To add a S3DistCp step to a job flow using the API

  • Send a request similar to the following example, where the arguments specified by Steps.member.1.HadoopJarStep.Args.member alternate the argument name and value, where the value is URL encoded.

    https://elasticmapreduce.amazonaws.com?

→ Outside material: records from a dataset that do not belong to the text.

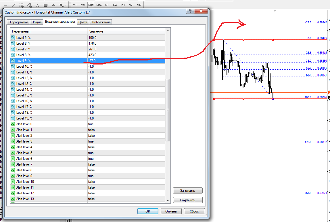 Здравствуйте. Катастрофически не хватает функции смены режима функций Reverse Fibo, Fix the right point in the future, а также возможностью включить и отключить индикатор, которые были бы выведены непосредственно на график например в нижний левый угол ( ну или с возможностью выбора размещения) желательно чтобы кнопки не были громоздкими по примеру как на скрине
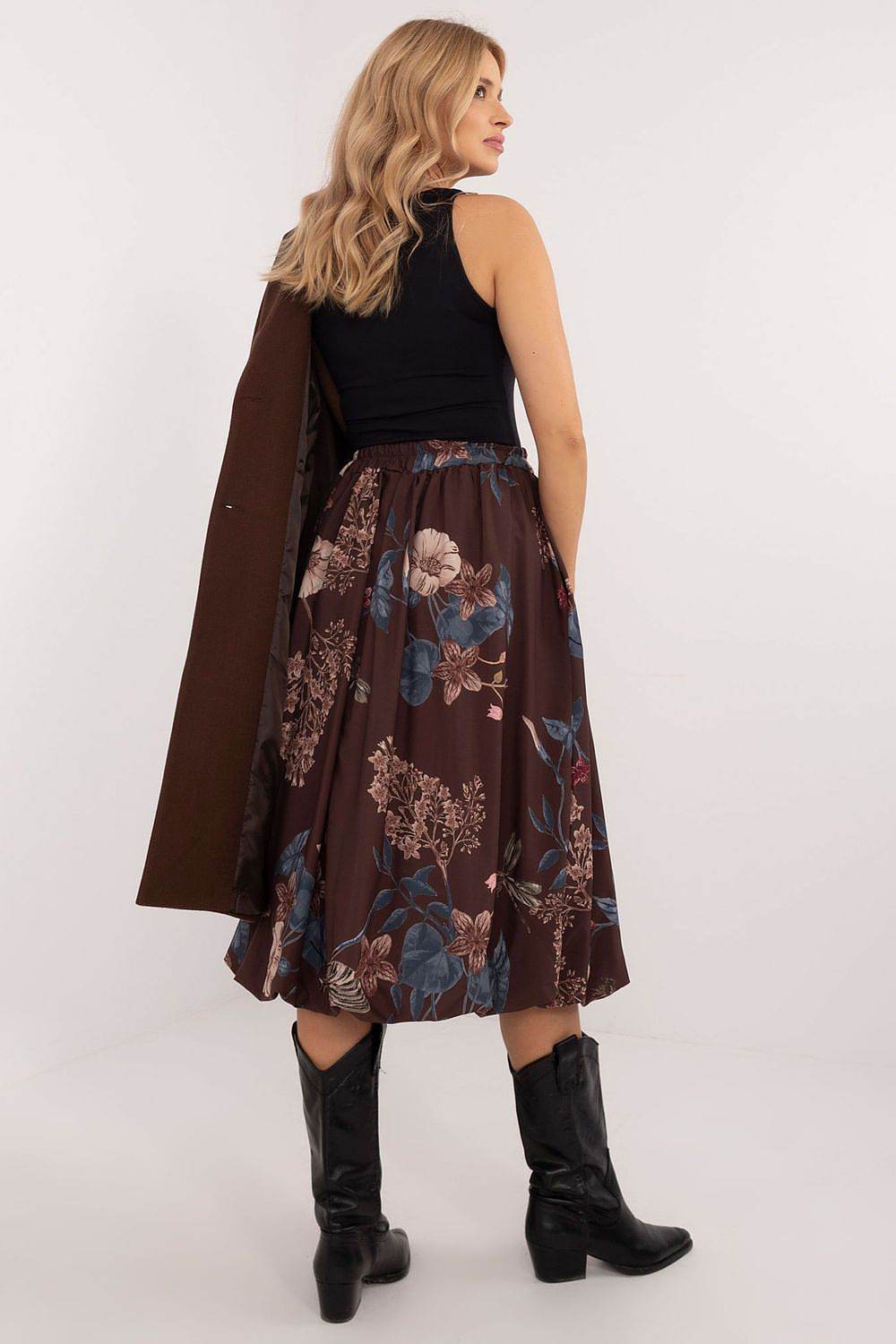 Floral Bomber Midi Skirt with Elastic Waist and Hidden Pockets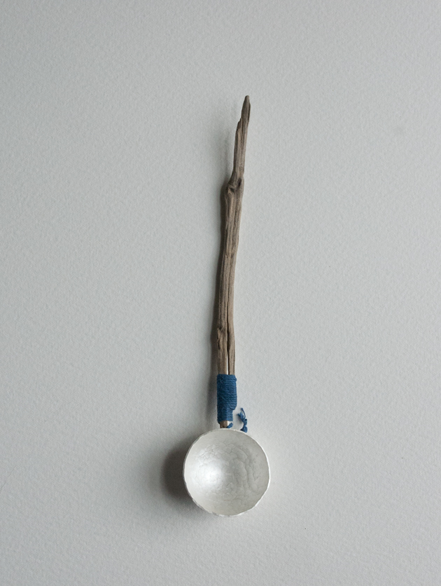 Spoon- Silver, driftwood, linen thread.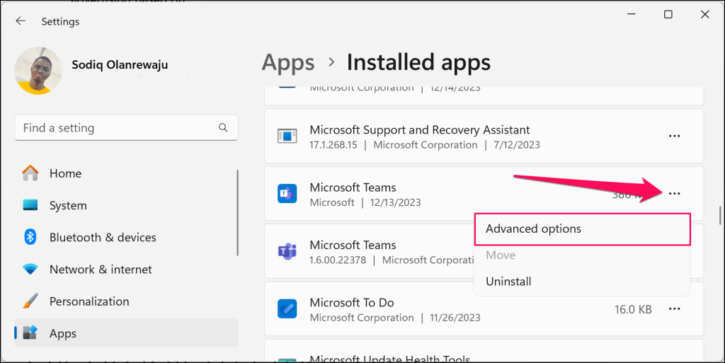 Go to Settings > Apps > Installed apps , select the three-dot menu icon next to the app, and select Advanced options.

    JobFlowId=jobflow-identifier&
    Steps.member.1.Name="S3DistCp Step"&
    Steps.member.1.ActionOnFailure=CONTINUE&
    Steps.member.1.HadoopJarStep.Jar=s3://us-east-1.elasticmapreduce/libs/s3distcp/1.0/s3distcp.jar&
    Steps.member.1.HadoopJarStep.Args.member.1=--src&
    Steps.member.1.HadoopJarStep.Args.member.2=s3%3A%2F%2Fbucket%2Fcf&	
    Steps.member.1.HadoopJarStep.Args.member.3=--dest&
    Steps.member.1.HadoopJarStep.Args.member.4=hdfs%3A%2F%2F%2Flocal&
    Steps.member.1.HadoopJarStep.Args.member.5=--srcPattern&
    Steps.member.1.HadoopJarStep.Args.member.6=.%2A%5Ba-zA-Z%5D%2B&
    Steps.member.1.HadoopJarStep.Args.member.7=--groupBy&
    Steps.member.1.HadoopJarStep.Args.member.8=.%2A%5Ba-zA-Z%5D%2B&					
    Operation=AddJobFlowSteps&
    AWSAccessKeyId=access-key-identifier&
    SignatureVersion=2&
    SignatureMethod=HmacSHA256&
    Timestamp=2011-12-28T21%3A51%3A51.000Z&
    Signature=calculated-value